# What is required:
Beginning with the line that holds "经过20多轮角逐最后胜出的三" in the data below, give again every line through the one that holds "2月23日,万物复苏,春暖大", exactly as written.

# Exercise inputs:
BEGIN

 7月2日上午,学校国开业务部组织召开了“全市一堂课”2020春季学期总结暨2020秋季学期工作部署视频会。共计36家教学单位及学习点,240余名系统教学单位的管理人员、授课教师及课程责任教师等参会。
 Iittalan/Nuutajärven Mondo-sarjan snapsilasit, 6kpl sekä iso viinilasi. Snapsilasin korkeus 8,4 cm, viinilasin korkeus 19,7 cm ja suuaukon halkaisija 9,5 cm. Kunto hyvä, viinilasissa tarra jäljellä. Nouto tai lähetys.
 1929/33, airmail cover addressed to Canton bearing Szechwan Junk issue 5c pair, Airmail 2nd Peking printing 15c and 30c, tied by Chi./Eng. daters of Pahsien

END
BEGIN

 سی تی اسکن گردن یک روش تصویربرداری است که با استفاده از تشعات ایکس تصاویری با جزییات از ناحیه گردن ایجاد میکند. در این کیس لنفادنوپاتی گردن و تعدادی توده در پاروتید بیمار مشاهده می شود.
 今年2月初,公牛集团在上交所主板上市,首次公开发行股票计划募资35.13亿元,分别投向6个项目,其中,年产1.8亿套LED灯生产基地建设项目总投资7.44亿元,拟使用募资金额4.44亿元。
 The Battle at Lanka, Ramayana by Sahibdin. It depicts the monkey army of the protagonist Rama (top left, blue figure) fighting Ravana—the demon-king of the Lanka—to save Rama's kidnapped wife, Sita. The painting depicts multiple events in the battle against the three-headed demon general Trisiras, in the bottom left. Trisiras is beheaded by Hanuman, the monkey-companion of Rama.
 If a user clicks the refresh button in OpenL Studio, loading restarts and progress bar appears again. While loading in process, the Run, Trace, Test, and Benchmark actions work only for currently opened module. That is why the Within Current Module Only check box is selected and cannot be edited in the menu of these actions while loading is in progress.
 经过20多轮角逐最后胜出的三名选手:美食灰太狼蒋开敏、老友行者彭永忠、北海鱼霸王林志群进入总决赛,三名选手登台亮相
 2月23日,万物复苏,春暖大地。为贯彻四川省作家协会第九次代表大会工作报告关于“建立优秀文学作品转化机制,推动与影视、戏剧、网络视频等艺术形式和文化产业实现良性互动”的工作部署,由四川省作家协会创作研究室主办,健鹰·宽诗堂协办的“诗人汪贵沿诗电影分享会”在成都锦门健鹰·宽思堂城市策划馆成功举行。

END

# Task output:
 经过20多轮角逐最后胜出的三名选手:美食灰太狼蒋开敏、老友行者彭永忠、北海鱼霸王林志群进入总决赛,三名选手登台亮相
 2月23日,万物复苏,春暖大地。为贯彻四川省作家协会第九次代表大会工作报告关于“建立优秀文学作品转化机制,推动与影视、戏剧、网络视频等艺术形式和文化产业实现良性互动”的工作部署,由四川省作家协会创作研究室主办,健鹰·宽诗堂协办的“诗人汪贵沿诗电影分享会”在成都锦门健鹰·宽思堂城市策划馆成功举行。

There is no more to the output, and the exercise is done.